Over time, Bock said major studios realized they could capitalize on summer hits that didn't necessarily need awards show glory to make money.
That's where niche award show films entered the picture, said Jonathan Kuntz, a film historian and lecturer at the UCLA School of Theater, Film and Television. Notorious film producer Harvey Weinstein -- now best known for the many sexual assault allegations against him -- realized in the 1990s that he could cash in on low- or mid-budget films with chances at Oscar success.
Winning an Oscar is a great way to advertise a movie.
For example, the Weinstein Company's "The Artist" cost only $15 million to make and grossed $12 million before it was nominated for Best Picture, but it topped out at $44 million after it won, according to Box Office Mojo.
Fox Searchlight's "Slumdog Millionaire" made more than two-thirds of its box office earnings after it was nominated for Best Picture. It collected $141 million in 2008.
The trend of the Academy choosing movies with meager box office returns has really only solidified in the last several years. For a time in the mid-1990s and early 2000s, box office winners still found a lot of success.
"Titanic," for example, picked up 11 Academy Awards in 1998, including Best Picture. It also raked in about $600 million at the box office, most of which was earned before its nomination. That year's ceremony drew 55 million viewers, the most in recent memory.
And "The Lord of the Rings: The Return of the King" was no slouch in 2004. The movie earned $377 million, and 43 million people tuned in to watch it win Best Picture.
There's a reason why audiences tuned in those years, Bock said: "People actually have seen those films."
By comparison, recent winners "Spotlight" and "Moonlight" earned less than $80 million combined in theaters. Even though those movies were universally praised by critics, audiences weren't as enthusiastic. Less than 35 million people watched each ceremony, making them among the lowest rated.
This year, only two of the Best Picture nominees ranked in the Box Office Mojo's top 15 highest-grossing films of 2017: the war epic "Dunkirk" (No. 14) and the subversive horror movie "Get Out" (No. 15).
The modest totals from other movies, including "Lady Bird," "Phantom Thread" and "The Shape of Water," are unsurprising. They're playing on far fewer screens, and aren't marketed to the broader public in the way that "Wonder Woman" and "Spider-Man: Homecoming" were.
Neither of the latter movies received any Oscar nominations, despite winning over critics and audiences.
That's a missed opportunity, Bock says. Nominating "Wonder Woman" for a prominent award might have driven more buzz to the show itself.

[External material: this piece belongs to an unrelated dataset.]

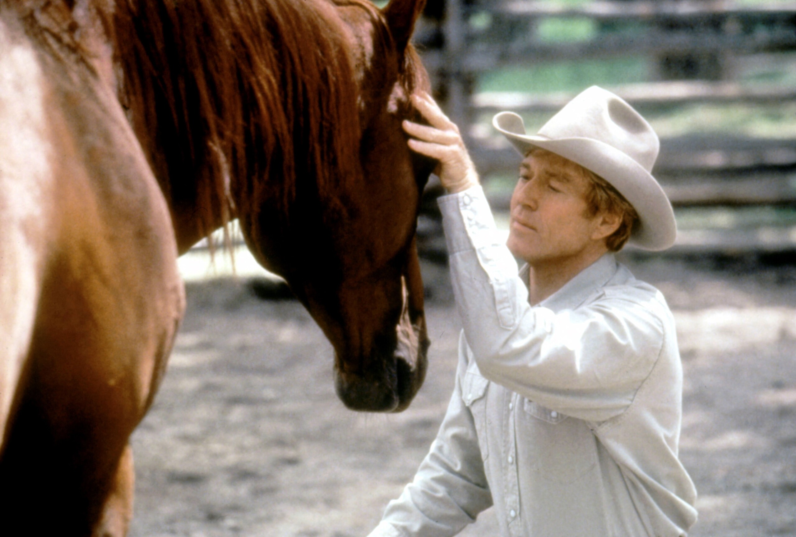 A suttogó (The Horse Whisperer, 1998) - Redford nemcsak főszereplő, hanem rendező is volt ebben a megható drámában. A történet középpontjában egy tragikus lovasbaleset áll, amely örökre megváltoztatja a 13 éves Grace MacLean (az akkor még tinédzser Scarlett Johansson) és szeretett lova, Pilgrim életét. A lány a balesetben elveszíti az egyik lábát, a ló pedig olyan súlyos fizikai és mentális sérüléseket szenved, hogy kezelhetetlenné és agresszívvá válik. Az orvosok az állat elaltatását javasolják, de Grace édesanyja, a céltudatos és nagyvárosi magazinszerkesztő, Annie (Kristin Scott Thomas) képtelen ebbe beletörődni. Végső elkeseredésében Annie hall egy legendás "suttogóról", egy montanai cowboyról, Tom Bookerről (Robert Redford), aki különleges képességgel bír a sérült lovak gyógyításában. Fotó: AFP

"Think about how big it would be if people tuned in to see, 'Wow, is Wonder Woman actually going to will Best Actress?' It would be huge," he said.

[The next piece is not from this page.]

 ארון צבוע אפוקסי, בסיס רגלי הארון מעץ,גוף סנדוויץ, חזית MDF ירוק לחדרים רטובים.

Yet picking smaller films gives the Academy an opportunity to recognize achievements of small, independent artists, noted Kuntz, the UCLA lecturer.

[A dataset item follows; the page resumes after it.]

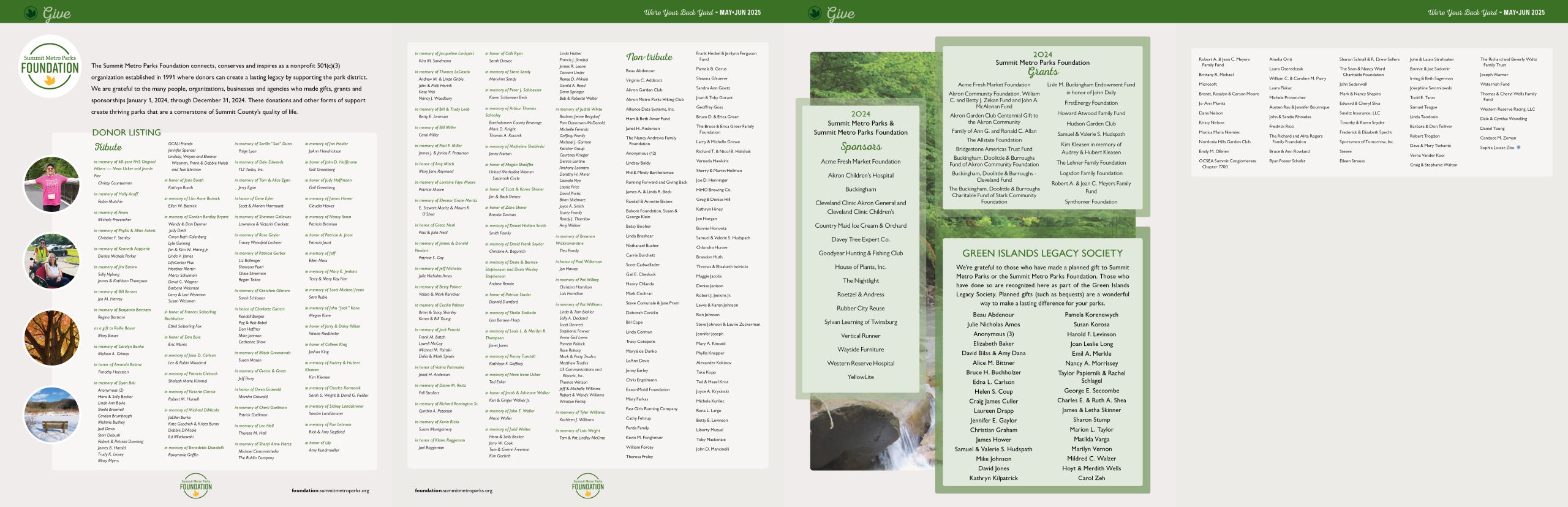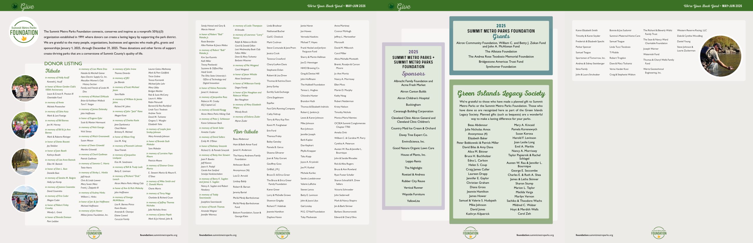 We are grateful to the many people, organizations, businesses, and agencies who made gifts, grants, and sponsorships January 1 through December 31 of each year. These donations and other forms of support create thriving parks that are a cornerstone of Summit County’s quality of life and benefit the park’s district charitable, educational and scientific initiatives. Members of the Green Islands Legacy Society—those who have made or documented a planned gift—are recognized every year.

"That seems to be what the Academy wants now," he said. "They can be seen to be rewarding different people and different kinds of quality films."
Besides, he added: Why does a major studio like Disney even need an Academy Award nomination for a monster hit like Star Wars?
"Disney is the largest movie making entity on the planet, and it's already got a billion dollars out of that picture," he added. "Do they really need an Academy Award also?"